Она встала. Встал и я:
– Люси, пожалуйста. Давай попробуем…
– Что? Сделаем вид, что этих восьми месяцев не было?
– А как же Кейтлин?
– Надо же, ты вдруг вспомнил о дочери…
– Я хочу с ней поговорить.
– Ладно, можешь приехать завтра…
Я мог бы поспорить, я мог бы остаться спать на диване, с тем чтобы с утра пораньше поговорить более спокойно. Но я знал, что она на это не пойдет. И вообще, разве я не этого хотел? Разве не так?
Я взял чемодан.
– Мне очень жаль, – сказал я.
– Мне не нужны извинения подонков, – заявила Люси и бросилась наверх.
Я неподвижно просидел в машине минут десять, не зная, что же мне теперь делать. Внезапно я обнаружил, что выскочил из салона, кинулся к входной двери и начал барабанить в нее кулаком, выкрикивая имя жены. Через несколько секунд я услышал ее голос:
– Уходи, Дэвид.
– Дай мне шанс…
– Зачем? Чтобы ты снова соврал?
– Я совершил ужасную ошибку…
– Сочувствую. Тебе стоило об этом подумать много месяцев назад.
– Я только прошу о возможности…
– Мне больше нечего тебе сказать.
– Люси…
– Здесь тебе делать нечего.
– Я полез в карман за ключами. Но когда я попытался вставить первый ключ в замочную скважину, я услышал, как Люси задвинула щеколду:
– Даже не думай, что ты сможешь вернуться сюда, Дэвид. Все кончено. Уходи. Немедленно.

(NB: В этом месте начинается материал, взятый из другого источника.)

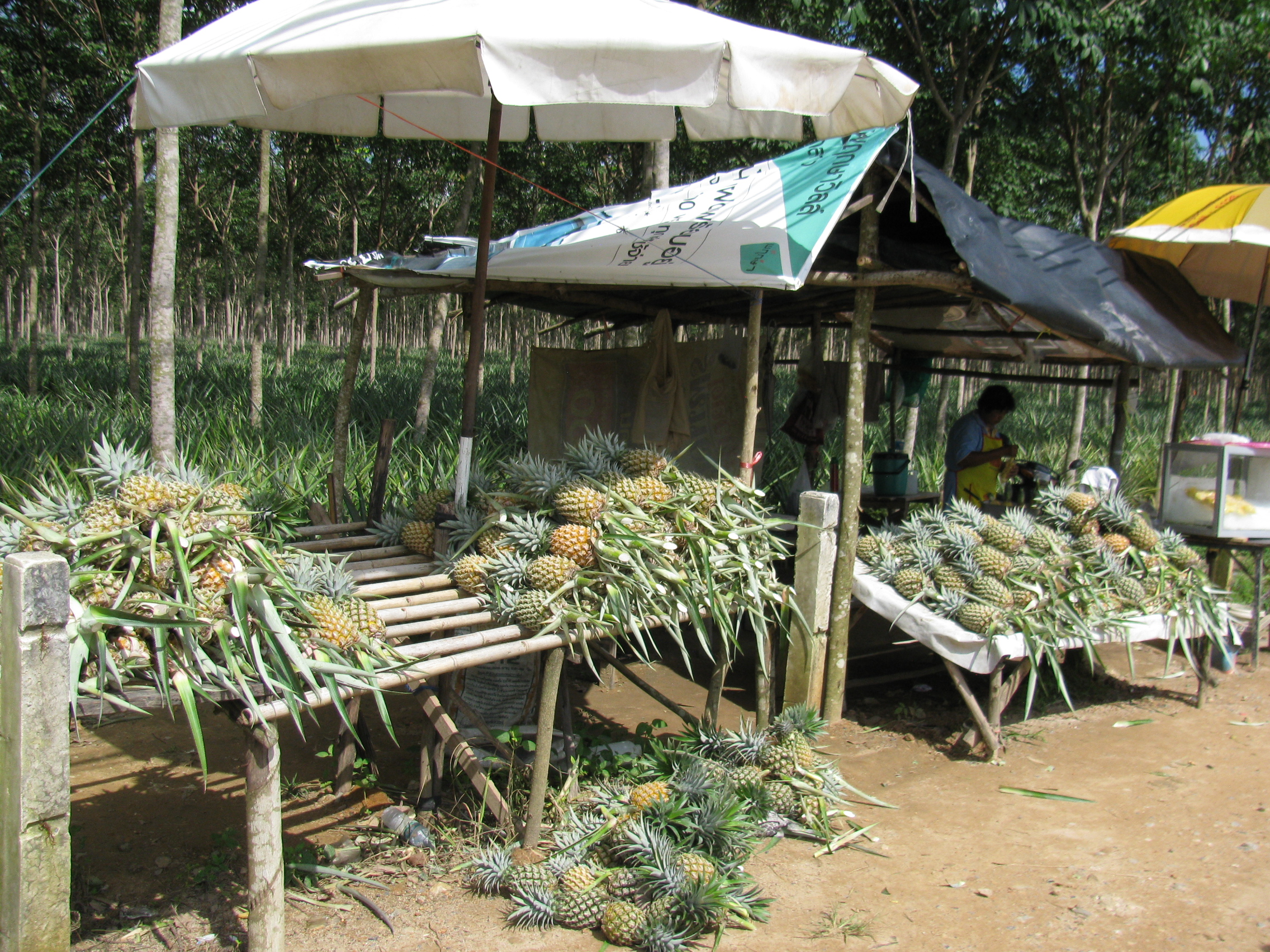 Phuket’in merkezine yaklaşmadıkça yollar inanılmaz güzel. Merkez’e yaklaştıkça motor zevkim kaçıyor. Merkezi geçip yaklaşık 20 kmlik havaalanı yoluna çıktım. Yol üzerinde uçsuz bucaksız ananas tarlalarını görüp de durmamak olmaz tabi. Böyle tarlada bir arada görünüşleri çok güzel. Yol üzerinde sık sık ananas satan satıcılar var. Ananaslar büyüklüklerine göre 10 ile 30 baht arası değişiyor. Türkiye’de 100 bahtlardan satılınca insan bir garip oluyor.

Наверное, я еще минут пять колотил в дверь, умоляя ее впустить меня. Но я знал, что ей уже не интересно слушать. Часть меня пребывала в ужасе от осознания этого – моя маленькая семья оказалась разрушена моим тщеславием, моим обретенным успехом. Но другая моя часть понимала, почему я пошел по этому пути. Еще я знал, что случится, если все же Люси откроет дверь и поманит меня внутрь: я вернусь к жизни без остроты. И я вспомнил, что сказал мне мой приятель, тоже писатель, который ушел от жены к другой женщине: «Разумеется, брак всегда связан с проблемами – но они не такие уж серьезные. Разумеется, бывает скучновато, но это естественно после двенадцати лет совместной жизни. Никаких серьезных разногласий между нами не было. Тогда почему я ушел? Потому что слабый голосок в моем сердце постоянно задавал мне один и тот же простой вопрос: и это все, что ты хочешь от жизни?»

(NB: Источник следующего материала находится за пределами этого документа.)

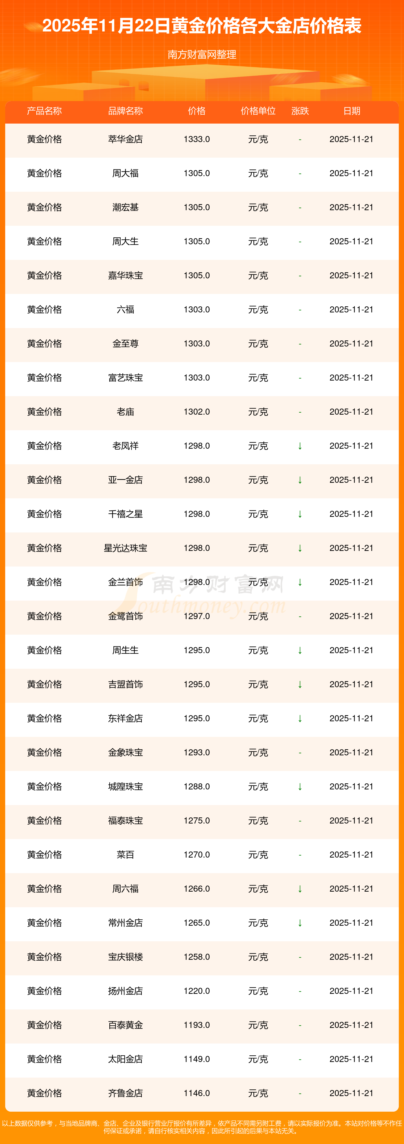 2025年11月22日,周大福、周大福、周大福、周大福、周大福、周大福、周大福、老凤祥、老凤祥、老凤祥、周六福等各大金店品牌黄金价格今日价格如下:周大福1305.0元/克、周大福616.0元/克、周大福1305.0元/克、周大福45110.0、周大福17570.0、周大福40690.0、周大福1143.0元/克、老凤祥1298.0元/克、老凤祥600.0元/克、老凤祥1298.0元/克、周六福1266.0元/克。

Опыт приятеля, конечно, был ценен, но громовой голос в моей голове не умолкал: я не могу так поступить. Более того, я подумал: ты подпал под мужское клише. И еще: ты переворачиваешь все, что есть в твоей жизни важного, для того чтобы нырнуть в неизвестность головой вперед. Поэтому я вытащил мобильный и в отчаянии набрал свой домашний номер. Когда Люси сняла трубку, я сказал:
– Дорогая, я сделаю все что угодно…
– Все что угодно? Тогда отвяжись и сдохни.

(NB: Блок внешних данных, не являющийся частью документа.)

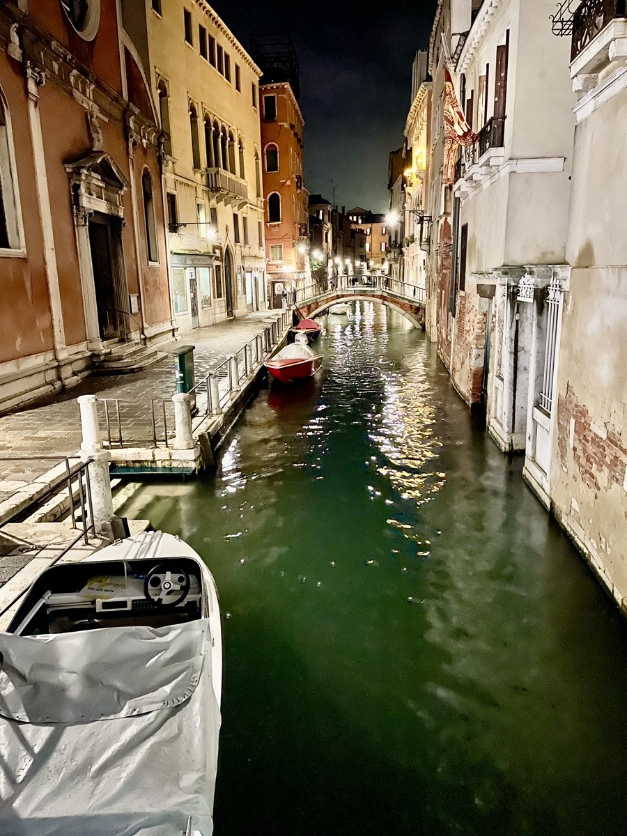 Мы движемся вдоль Гранд-канала к рыбному рынку Риальто (Pescaria). Зимой, в свете фонарей, его неоготические арки кажутся декорациями к таинственной пьесе. Это чрево Венеции, где веками шумят торговцы и где «язык камня» встречается с повседневной суетой. Пройдя через легендарный мост Риальто, мы попадаем в самое сердце коммерции, где банковские палаццо соседствуют с крошечными лавками.

Она повесила трубку. Я взглянул на дом. Весь свет внизу был погашен. Я глубоко вздохнул, пошел к машине и сел в нее. Снова достал мобильный, отлично сознавая, что если сейчас сделаю этот звонок, то пересеку границу с надписью: «Назад пути нет».
Я позвонил. Салли ответила. Я сказал, что наконец сделал то, о чем она меня давно просила: я сказал жене, что все кончено.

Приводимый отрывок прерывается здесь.